#### TASK DETAILS:
Will you write out the data exactly, excluding every picture?
(Beginning of DATA UNDER STUDY)
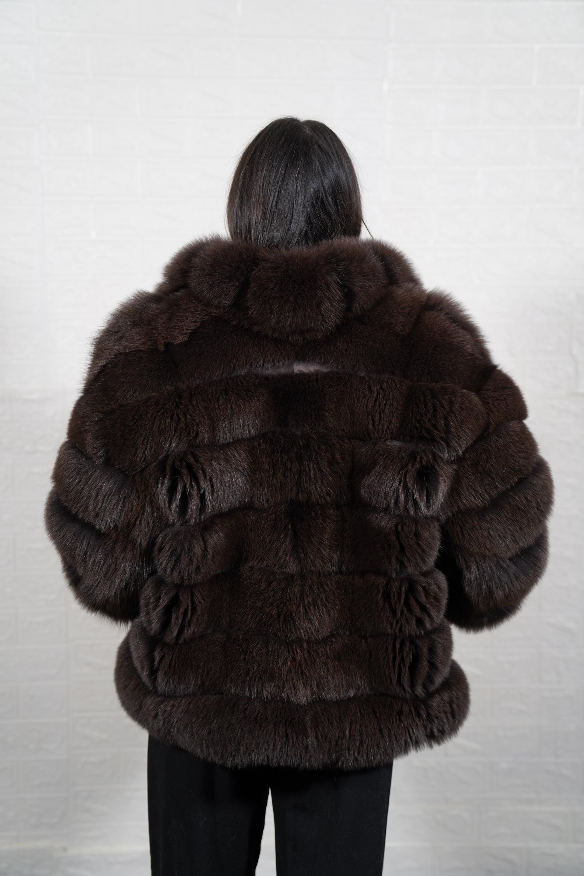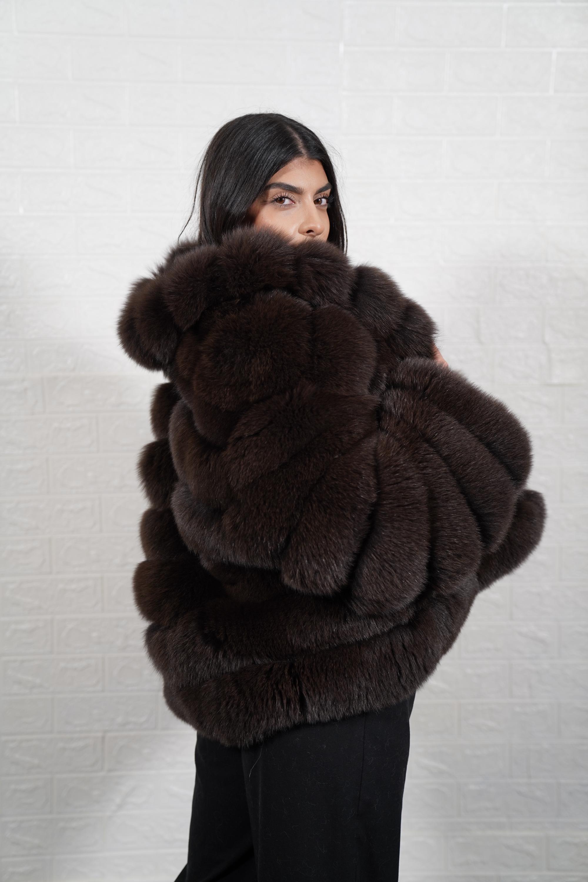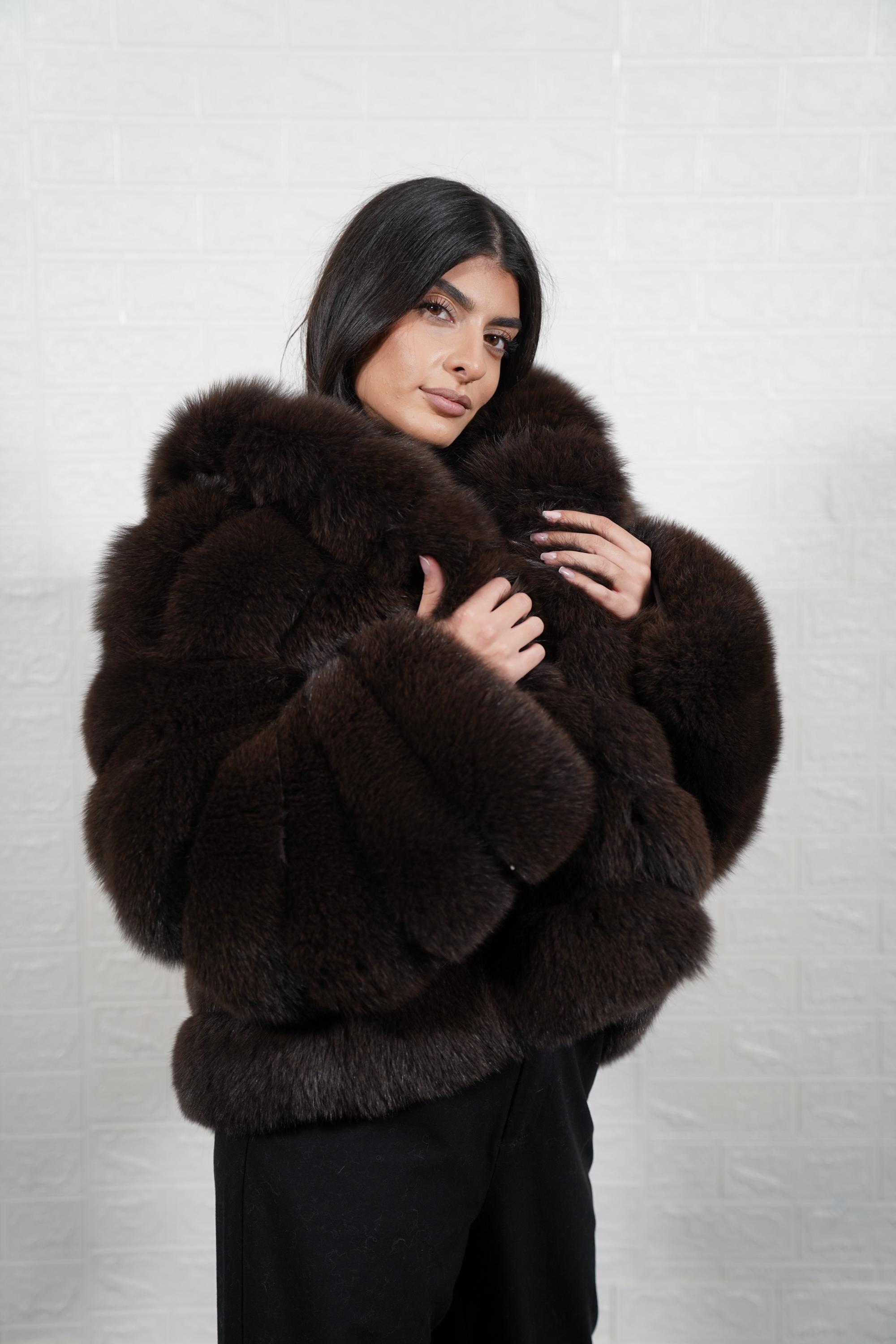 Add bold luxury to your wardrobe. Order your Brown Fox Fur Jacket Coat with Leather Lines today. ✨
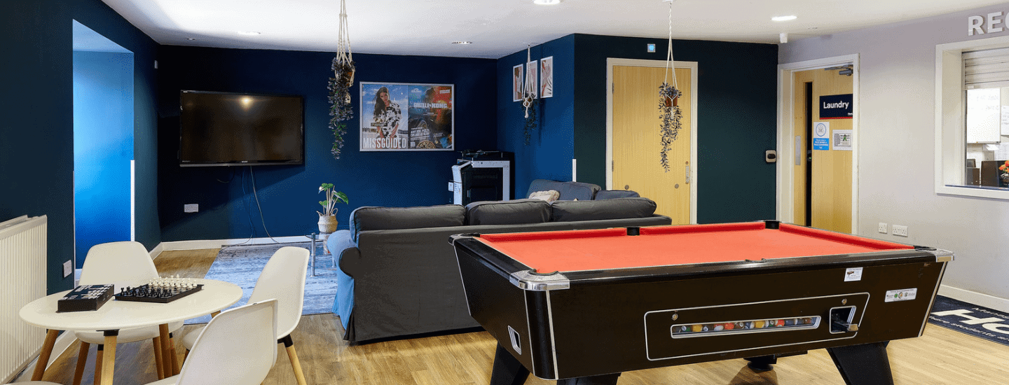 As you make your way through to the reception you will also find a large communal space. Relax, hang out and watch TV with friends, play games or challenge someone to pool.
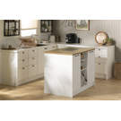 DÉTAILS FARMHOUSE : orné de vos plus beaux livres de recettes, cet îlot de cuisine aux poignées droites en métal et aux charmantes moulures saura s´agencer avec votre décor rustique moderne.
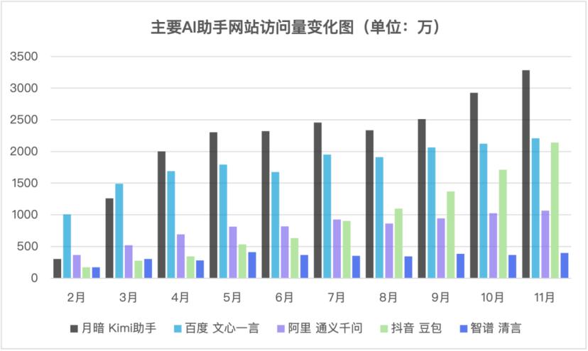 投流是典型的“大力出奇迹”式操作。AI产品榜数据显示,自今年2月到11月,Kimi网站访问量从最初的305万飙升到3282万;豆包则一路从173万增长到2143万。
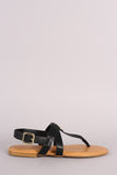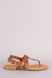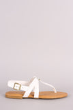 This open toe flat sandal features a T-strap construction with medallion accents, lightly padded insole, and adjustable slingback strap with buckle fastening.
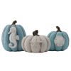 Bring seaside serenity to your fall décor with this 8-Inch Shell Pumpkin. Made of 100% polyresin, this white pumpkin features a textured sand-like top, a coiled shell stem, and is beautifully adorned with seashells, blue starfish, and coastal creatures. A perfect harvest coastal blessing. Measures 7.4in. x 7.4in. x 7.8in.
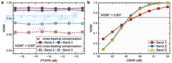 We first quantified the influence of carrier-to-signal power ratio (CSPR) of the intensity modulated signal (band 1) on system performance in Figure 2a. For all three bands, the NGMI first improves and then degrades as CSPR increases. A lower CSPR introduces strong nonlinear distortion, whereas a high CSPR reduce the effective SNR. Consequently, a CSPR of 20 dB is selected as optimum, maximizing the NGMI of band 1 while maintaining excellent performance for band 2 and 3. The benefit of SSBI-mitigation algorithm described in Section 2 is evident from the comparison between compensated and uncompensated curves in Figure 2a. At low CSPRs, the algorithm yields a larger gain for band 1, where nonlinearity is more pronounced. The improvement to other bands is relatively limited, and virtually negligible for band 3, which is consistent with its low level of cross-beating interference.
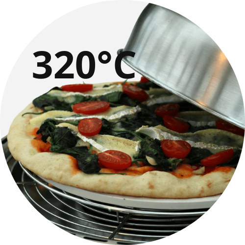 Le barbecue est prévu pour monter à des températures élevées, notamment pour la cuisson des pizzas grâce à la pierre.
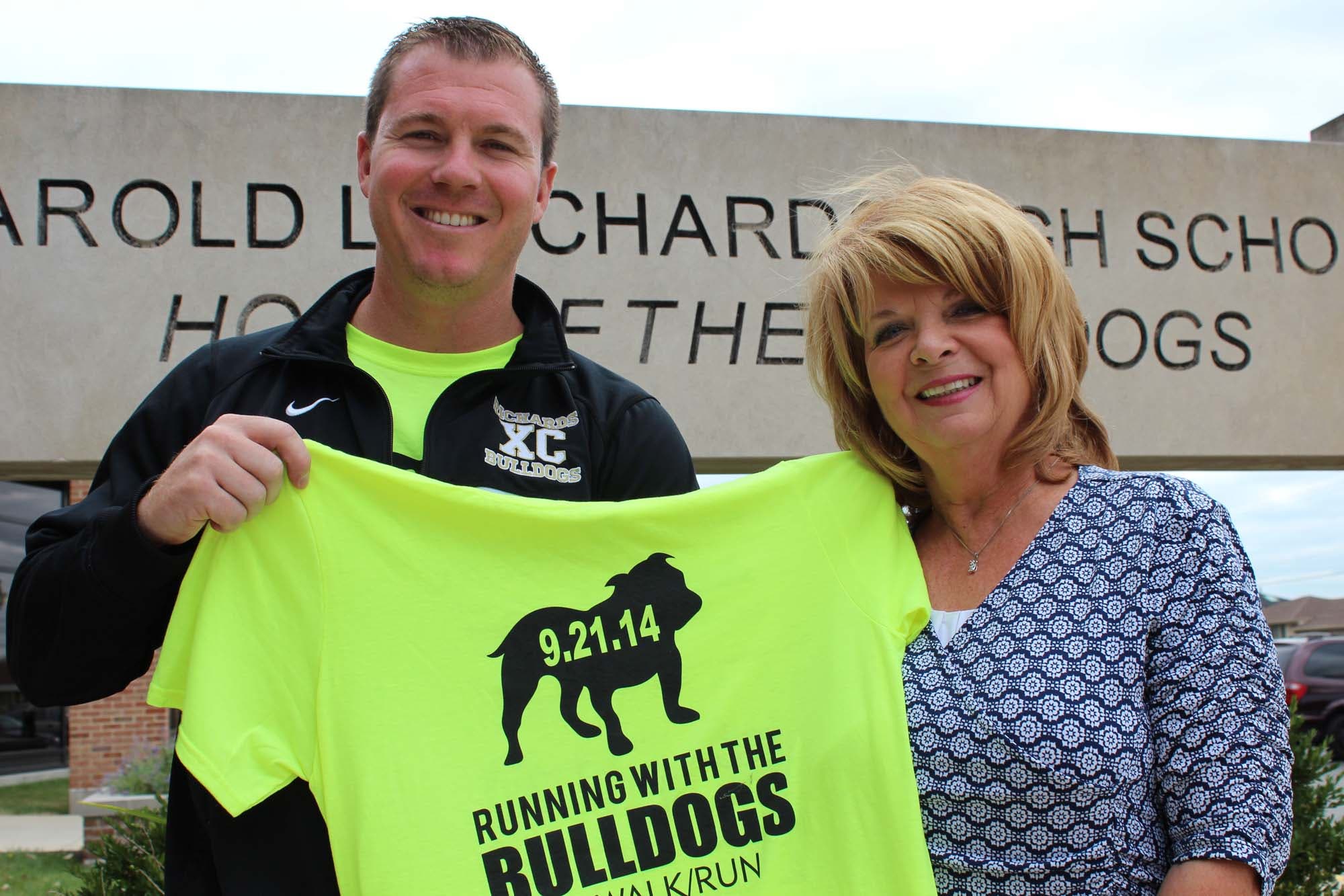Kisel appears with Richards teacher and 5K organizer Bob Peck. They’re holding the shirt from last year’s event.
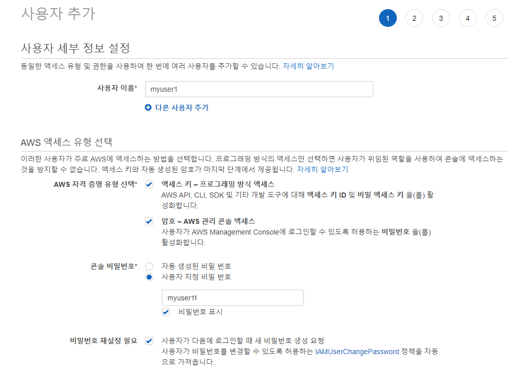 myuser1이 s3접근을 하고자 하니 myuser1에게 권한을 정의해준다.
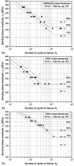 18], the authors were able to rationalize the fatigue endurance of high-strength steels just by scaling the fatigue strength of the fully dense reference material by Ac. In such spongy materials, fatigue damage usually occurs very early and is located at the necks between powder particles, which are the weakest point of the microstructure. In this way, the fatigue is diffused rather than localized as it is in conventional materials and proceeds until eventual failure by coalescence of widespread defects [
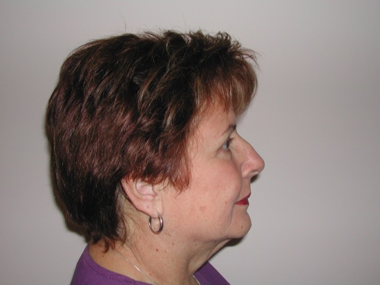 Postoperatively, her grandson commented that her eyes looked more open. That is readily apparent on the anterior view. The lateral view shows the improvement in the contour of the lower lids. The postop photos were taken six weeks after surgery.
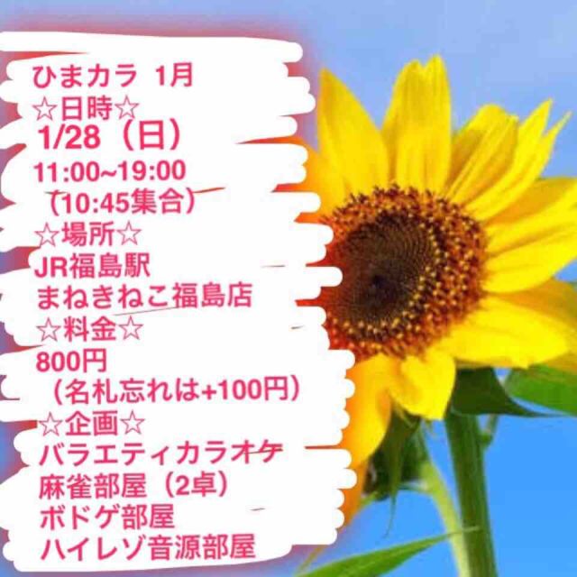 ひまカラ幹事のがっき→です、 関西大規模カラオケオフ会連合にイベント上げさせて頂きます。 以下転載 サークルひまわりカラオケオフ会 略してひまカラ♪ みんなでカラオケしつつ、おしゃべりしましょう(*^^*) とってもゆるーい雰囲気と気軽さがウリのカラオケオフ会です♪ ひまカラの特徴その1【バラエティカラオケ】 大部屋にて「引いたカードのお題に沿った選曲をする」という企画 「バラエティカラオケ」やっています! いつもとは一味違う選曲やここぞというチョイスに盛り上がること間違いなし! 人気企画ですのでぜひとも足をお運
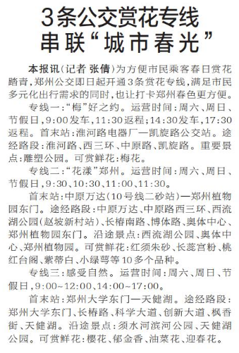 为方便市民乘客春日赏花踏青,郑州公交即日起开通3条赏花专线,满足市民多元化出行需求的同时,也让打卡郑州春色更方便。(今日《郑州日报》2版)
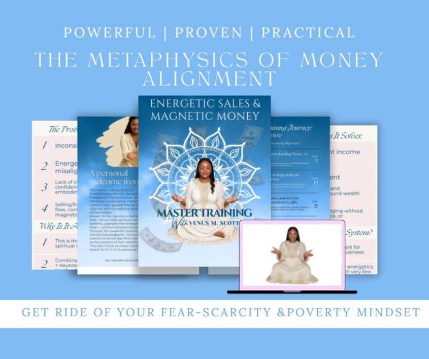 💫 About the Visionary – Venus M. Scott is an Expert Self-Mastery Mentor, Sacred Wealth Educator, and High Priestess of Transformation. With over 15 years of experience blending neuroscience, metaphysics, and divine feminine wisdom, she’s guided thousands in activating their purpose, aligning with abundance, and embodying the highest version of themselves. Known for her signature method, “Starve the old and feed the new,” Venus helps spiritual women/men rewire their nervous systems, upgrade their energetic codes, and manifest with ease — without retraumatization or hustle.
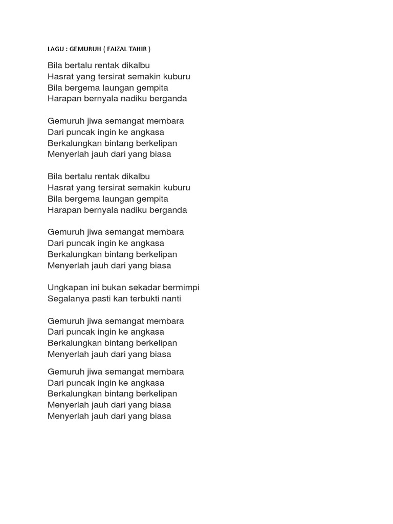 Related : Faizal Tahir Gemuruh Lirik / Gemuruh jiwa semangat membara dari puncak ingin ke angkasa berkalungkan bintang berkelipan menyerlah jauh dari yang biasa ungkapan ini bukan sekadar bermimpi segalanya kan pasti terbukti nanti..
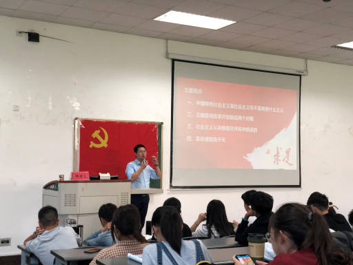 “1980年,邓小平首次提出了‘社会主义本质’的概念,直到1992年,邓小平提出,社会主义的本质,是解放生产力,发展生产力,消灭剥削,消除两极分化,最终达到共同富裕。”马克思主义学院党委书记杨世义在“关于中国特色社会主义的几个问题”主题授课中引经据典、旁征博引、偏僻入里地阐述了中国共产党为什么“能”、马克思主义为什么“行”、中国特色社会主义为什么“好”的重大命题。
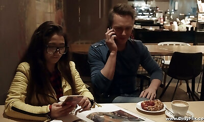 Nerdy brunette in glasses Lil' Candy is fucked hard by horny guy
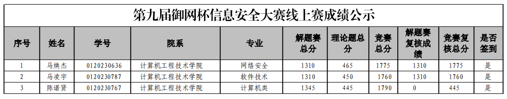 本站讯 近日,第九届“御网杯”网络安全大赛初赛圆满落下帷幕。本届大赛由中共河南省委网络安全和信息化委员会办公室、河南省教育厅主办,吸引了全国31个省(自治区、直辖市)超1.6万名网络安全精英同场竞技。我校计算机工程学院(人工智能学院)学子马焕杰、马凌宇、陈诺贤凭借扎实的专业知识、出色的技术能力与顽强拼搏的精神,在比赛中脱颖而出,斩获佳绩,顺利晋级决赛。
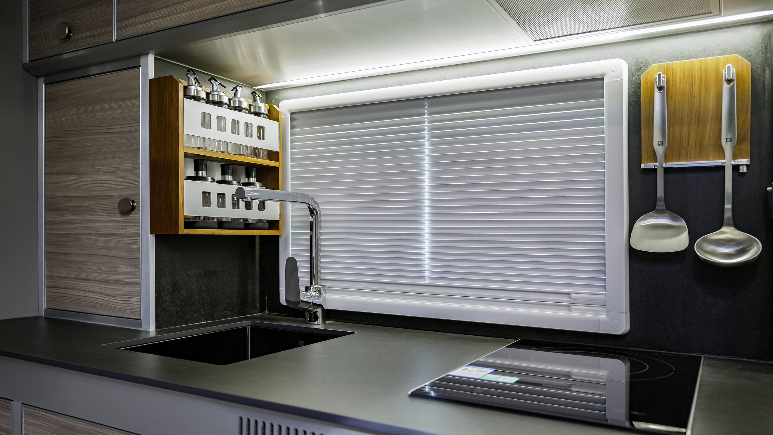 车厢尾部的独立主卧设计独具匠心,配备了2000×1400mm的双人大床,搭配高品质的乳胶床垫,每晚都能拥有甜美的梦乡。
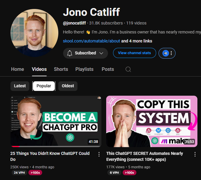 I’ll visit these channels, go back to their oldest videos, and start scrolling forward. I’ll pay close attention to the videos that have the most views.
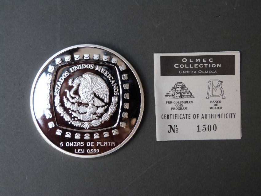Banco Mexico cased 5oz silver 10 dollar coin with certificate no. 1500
(End of DATA UNDER STUDY)
#### SOLUTION TO THIS TASK:
 Add bold luxury to your wardrobe. Order your Brown Fox Fur Jacket Coat with Leather Lines today. ✨
 As you make your way through to the reception you will also find a large communal space. Relax, hang out and watch TV with friends, play games or challenge someone to pool.
 DÉTAILS FARMHOUSE : orné de vos plus beaux livres de recettes, cet îlot de cuisine aux poignées droites en métal et aux charmantes moulures saura s´agencer avec votre décor rustique moderne.
 投流是典型的“大力出奇迹”式操作。AI产品榜数据显示,自今年2月到11月,Kimi网站访问量从最初的305万飙升到3282万;豆包则一路从173万增长到2143万。
 This open toe flat sandal features a T-strap construction with medallion accents, lightly padded insole, and adjustable slingback strap with buckle fastening.
 Bring seaside serenity to your fall décor with this 8-Inch Shell Pumpkin. Made of 100% polyresin, this white pumpkin features a textured sand-like top, a coiled shell stem, and is beautifully adorned with seashells, blue starfish, and coastal creatures. A perfect harvest coastal blessing. Measures 7.4in. x 7.4in. x 7.8in.
 We first quantified the influence of carrier-to-signal power ratio (CSPR) of the intensity modulated signal (band 1) on system performance in Figure 2a. For all three bands, the NGMI first improves and then degrades as CSPR increases. A lower CSPR introduces strong nonlinear distortion, whereas a high CSPR reduce the effective SNR. Consequently, a CSPR of 20 dB is selected as optimum, maximizing the NGMI of band 1 while maintaining excellent performance for band 2 and 3. The benefit of SSBI-mitigation algorithm described in Section 2 is evident from the comparison between compensated and uncompensated curves in Figure 2a. At low CSPRs, the algorithm yields a larger gain for band 1, where nonlinearity is more pronounced. The improvement to other bands is relatively limited, and virtually negligible for band 3, which is consistent with its low level of cross-beating interference.
 Le barbecue est prévu pour monter à des températures élevées, notamment pour la cuisson des pizzas grâce à la pierre.
Kisel appears with Richards teacher and 5K organizer Bob Peck. They’re holding the shirt from last year’s event.
 myuser1이 s3접근을 하고자 하니 myuser1에게 권한을 정의해준다.
 18], the authors were able to rationalize the fatigue endurance of high-strength steels just by scaling the fatigue strength of the fully dense reference material by Ac. In such spongy materials, fatigue damage usually occurs very early and is located at the necks between powder particles, which are the weakest point of the microstructure. In this way, the fatigue is diffused rather than localized as it is in conventional materials and proceeds until eventual failure by coalescence of widespread defects [
 Postoperatively, her grandson commented that her eyes looked more open. That is readily apparent on the anterior view. The lateral view shows the improvement in the contour of the lower lids. The postop photos were taken six weeks after surgery.
 ひまカラ幹事のがっき→です、 関西大規模カラオケオフ会連合にイベント上げさせて頂きます。 以下転載 サークルひまわりカラオケオフ会 略してひまカラ♪ みんなでカラオケしつつ、おしゃべりしましょう(*^^*) とってもゆるーい雰囲気と気軽さがウリのカラオケオフ会です♪ ひまカラの特徴その1【バラエティカラオケ】 大部屋にて「引いたカードのお題に沿った選曲をする」という企画 「バラエティカラオケ」やっています! いつもとは一味違う選曲やここぞというチョイスに盛り上がること間違いなし! 人気企画ですのでぜひとも足をお運
 为方便市民乘客春日赏花踏青,郑州公交即日起开通3条赏花专线,满足市民多元化出行需求的同时,也让打卡郑州春色更方便。(今日《郑州日报》2版)
 💫 About the Visionary – Venus M. Scott is an Expert Self-Mastery Mentor, Sacred Wealth Educator, and High Priestess of Transformation. With over 15 years of experience blending neuroscience, metaphysics, and divine feminine wisdom, she’s guided thousands in activating their purpose, aligning with abundance, and embodying the highest version of themselves. Known for her signature method, “Starve the old and feed the new,” Venus helps spiritual women/men rewire their nervous systems, upgrade their energetic codes, and manifest with ease — without retraumatization or hustle.
 Related : Faizal Tahir Gemuruh Lirik / Gemuruh jiwa semangat membara dari puncak ingin ke angkasa berkalungkan bintang berkelipan menyerlah jauh dari yang biasa ungkapan ini bukan sekadar bermimpi segalanya kan pasti terbukti nanti..
 “1980年,邓小平首次提出了‘社会主义本质’的概念,直到1992年,邓小平提出,社会主义的本质,是解放生产力,发展生产力,消灭剥削,消除两极分化,最终达到共同富裕。”马克思主义学院党委书记杨世义在“关于中国特色社会主义的几个问题”主题授课中引经据典、旁征博引、偏僻入里地阐述了中国共产党为什么“能”、马克思主义为什么“行”、中国特色社会主义为什么“好”的重大命题。
 Nerdy brunette in glasses Lil' Candy is fucked hard by horny guy
 本站讯 近日,第九届“御网杯”网络安全大赛初赛圆满落下帷幕。本届大赛由中共河南省委网络安全和信息化委员会办公室、河南省教育厅主办,吸引了全国31个省(自治区、直辖市)超1.6万名网络安全精英同场竞技。我校计算机工程学院(人工智能学院)学子马焕杰、马凌宇、陈诺贤凭借扎实的专业知识、出色的技术能力与顽强拼搏的精神,在比赛中脱颖而出,斩获佳绩,顺利晋级决赛。
 车厢尾部的独立主卧设计独具匠心,配备了2000×1400mm的双人大床,搭配高品质的乳胶床垫,每晚都能拥有甜美的梦乡。
 I’ll visit these channels, go back to their oldest videos, and start scrolling forward. I’ll pay close attention to the videos that have the most views.
Banco Mexico cased 5oz silver 10 dollar coin with certificate no. 1500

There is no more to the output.